Brief Report Open Access
Copyright ©The Author(s) 2001. Published by Baishideng Publishing Group Inc. All rights reserved.
World J Gastroenterol. Aug 15, 2001; 7(4): 572-574
Published online Aug 15, 2001. doi: 10.3748/wjg.v7.i4.572
Prevention of grafted liver from reperfusive injury
Kai Ma, Xian-Min Bu, Yan-Jun Li, Xian-Wei Dai, Liang Wang, Yang Dai, Hai-Ying Zhao, Department of General Surgery, Second Clinical College, China Medical University, Shenyang 110003, Liaoning Province, China
Yang Yu, Department of Physiology, Shenyang Physical Education College, Shenyang, Liaoning Province, China
Xiang-Hong Yang, Department of Pathology, China Medical University, Shenyang, Liaoning Province, China
Author contributions: All authors contributed equally to the work.
Supported by the Natural Science Fund of Liaoning Province, No.962280
Correspondence to: Dr. Kai Ma, Department of General Surgery, Second Clinical College, China Medical University, Shenyang 110003, Liaoning Province, China
Telephone: 0086-24-23893501 Ext.512
Received: February 24, 2001
Revised: March 1, 2001
Accepted: March 8, 2001
Published online: August 15, 2001

Abstract
Key Words: liver transplantation; anisodamine; rewarm; reperfusive injury



INTRODUCTION

The incidence of primary non-function (PNF) of grafted liver in the early postoperative stage is 2%-23%[1-4], its main cause is the ischemic-reperfusive injury[5,6]. In this experiment, anisodamine was added into the preserving fluid and the grafted liver was rewarmed at different temperatures to protect the cell membrane and prevent ischemic-reperfusive injury.

METERIALS AND METHODS
Selection and grouping

Twenty male Wistar rats (270 g-330 g in weight, 10-12 weeks in age) were used in the experiment. The rats were divided into 2 groups, 10 in each group, and the action of anisodamine was studied. In the experimental group, 40 mg anisodamine was added into 1 liter of preserving fluid, no anisodamine was used in the control group. The rats were divided into 4 groups, 5 in each group, and the action of rewarming was studied. Before reperfusion, the 12 °C, 20 °C, 28 °C and 36 °C of gelofusine were injected into the portal vein respectively to rewarm the grafted liver.

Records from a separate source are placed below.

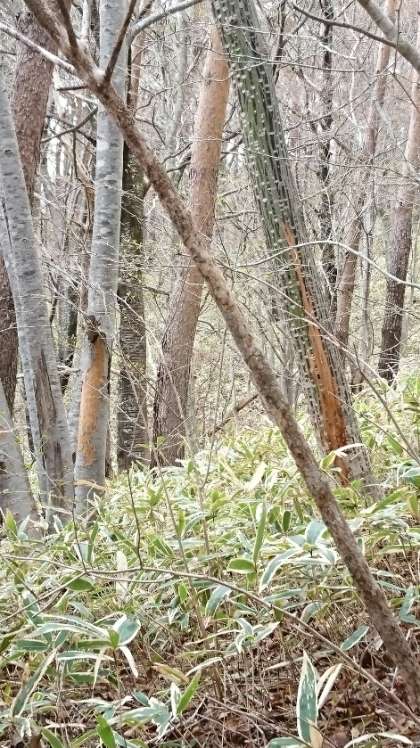 写真は、沢歩きコースのハイキングの途中で写したものです。木の皮が食べられているところがありました。鹿が食べたのでしょうか。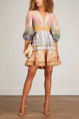 Zimmermann Anneke Lantern Mini Dress in Spliced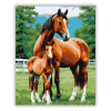 Ménes Anyai Szeretet - számfestő készlet – 40×50 cm (Keret nélkül) A festmény egy gesztenyebarna kancát ábrázol, aki a zöldellő legelőn áll, mellette kiscsikójával. A gazdag zöld és barna árnyalatok nyugodt, természetközeli hangulatot teremtenek. A kép a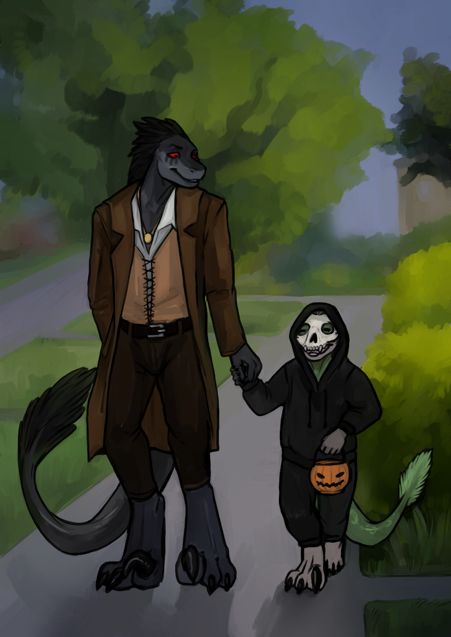 here is a picture of Ruslan taking her son Dervan out trick or treating (this was much earlier in her timeline when Dervan was still young, and he wanted to see what trick or treating was all about)

Establishment of animal model[7-9]

Make a midline epigastric incision, dissociate the liver fully, incise the infrahepatic inferior vana cava (IVC), input a shaped three way stopcock, make its upper end 5 mm higher than liver, ligate the both ends of IVC incision, and obstruct hepatic artery[10]. Cut off the portal vein, connect its distal end with one opening of the three-way stopcock, shunt the portal-cava vein provisionally, and reverse the blood of IVC and portal vein to the heart through the duct. Inject proximately 5 mL saline mixed with 1 mL heparin. Ligate the suprahepatic inferior vana cava provisionally, release the ligature above the IVC incision, wash the liver through portal vein, make the preserving fluid flow outside the duct. Wash the liver at low temperature for 4 hours within the body, maintain the pressure at 90-100 cm H2O, and velocity at 8-12 mL/min. The preserving fluid was the lactic Linger’s fluid composed of 10 mL dethomaxone, 100 mg ATP and 100 U/L insulin. After managing the experimental factors, take out the three-way stopcock, connect with the portal vein, release the occlusion of hepatic artery, repair the IVC incision, and restore the hepatic reperfusion[11].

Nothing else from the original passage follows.